Generally, data lake projects go through four phases: build data lake; ingest data; do analysis; deliver insight. At each of these phases, challenges must be navigated. 

The first is to get a data lake that can support ingesting relevant data sets at the right frequency and speed — and enable varied analysis techniques to generate relevant insights. The second is to build and run efficient analysis on these data sets. The third is to do that in a way that delivers the insights that stakeholders need. The fourth is to give stakeholders a way to interact with information that's tailored to their concerns, decisions, and accountability.

Most projects today run into problems during the first two phases. Here's why.

Phase 1 Problems: Issues with the Build
Building a platform for data analysis on Hadoop is hard. Hadoop isn't a single technology; it's a rather complex ecosystem of technology components — HDFS, Spark, Kafka, Yarn, Hive, HBase, Phoenix, and Solr, to name a few. Figuring out what components of this ecosystem play nice with each other is tricky. Some components work for some use cases, but not for others. First you need to know how to connect the parts that work with each other to solve the range of problems you face. Then you need to know when the limits of these joined-up parts will be reached for the analysis you want to conduct. That's before you've considered that there are several different vendors of the Hadoop distribution.

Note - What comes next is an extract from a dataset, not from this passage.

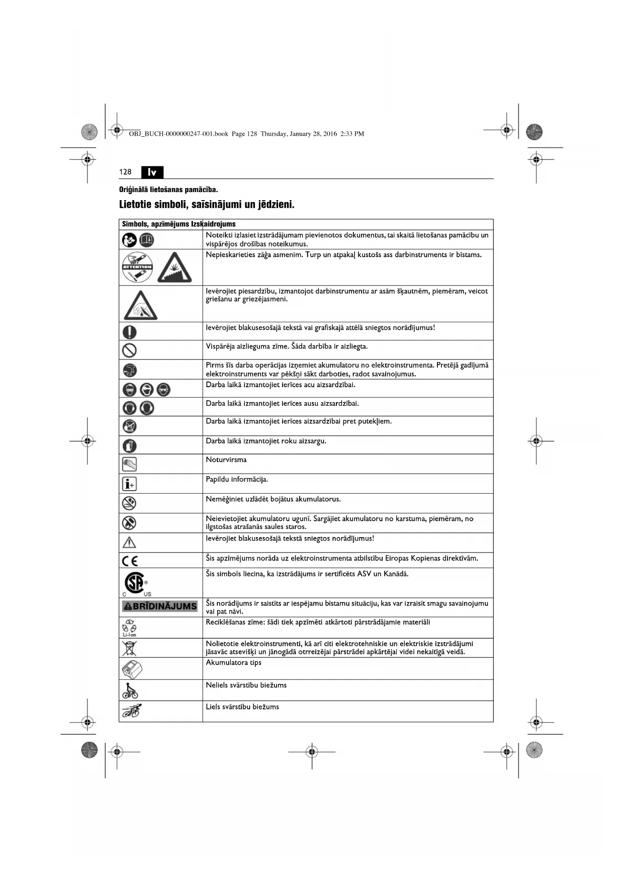 arba laikā izmantojiet ierīces ausu aizsardzībai. Darba laikā izmantojiet ierīces aizsardzībai pret putekļiem. Darba laikā izmantojiet roku aizsargu. Noturvirsma Papildu informācija. Nemēģiniet uzlādēt bojātus akumulatorus. Neievietojiet akumulatoru ugunī. Sargājiet akumulatoru no karstuma, piemēram, no ilgstošas atrašanās saules staros. Ievērojiet blakusesošajā tekstā sniegtos norādījumus! Šis apzīmējums norāda uz elektroinstrumenta atbilstību Eiropas Kopienas direktīvām. Šis simbols liecina, ka izstrādājums ir sertificēts ASV un Kanādā. Šis norādījums ir saistīts ar iespējamu bīstamu situāciju, kas var izraisīt smagu savainojumu vai pat nāvi. Reciklēšanas zīme: šādi tiek apzīmēti atkārtoti pārstrādājamie materiāli Nolietotie elektroinstrumenti, kā arī citi elektrotehniskie un elektriskie izstrādājumi jāsavāc atsevišķi un jānogādā otrreizējai pārstrādei apkārtējai videi nekaitīgā veidā. Akumulatora tips Neliels svārstību biežums Liels svārstību biežums OBJ_BUCH-0000000247-001.book Page 128 Thursday, January 28, 2016 2:33 PM129

Sometimes you'll find that you need to swap out an underlying part of your data lake to get the performance you need (either for data ingestion or the math your data scientists want to apply to the data). This requires expensive people with experience and the ability to experiment quickly when new components are released that enable greater functionality or performance improvements. 

If you build a data lake in-house, work on a minimum viable product model. Develop the capabilities you need for the analysis you need rather than trying to build a platform that will solve every problem you can imagine. Start with a small set of problems and with relatively simple data sets. Speak to your peers about paths they walked down that were nonproductive and budget carefully. If you go down the "buy" route, grill vendors about their promises of a "data lake out of a box." At what point does the data analysis workflow break? What is the extensibility of the data lake as your scale and IT operating model change?

Phase 2 Problems: Ingestion Indigestion
Once you have a data lake, it's time to ingest data. Here are two errors commonly made.

First: "Let's ingest all data we can get our hands on, then figure out what analysis we want to do later." This leads to problems because sooner or later, the CFO will demand to see some value (that is, insight) from the investment. It then either becomes apparent that the data sets aren't ideal to generate meaningful insights, so budgets get cut, or analysis begins but it's not easy to get valuable correlations in the data you have and the insights that can be presented under time pressure are underwhelming.

The second error is to ingest data sets that aren't well curated, cleaned, and understood. The result is that you end up with a data swamp, not a data lake. This often happens when Hadoop is used to replicate ad hoc data analysis methods already in place. It can also happen when the IT operations team doesn't have time to move the data that would be most useful across the network. 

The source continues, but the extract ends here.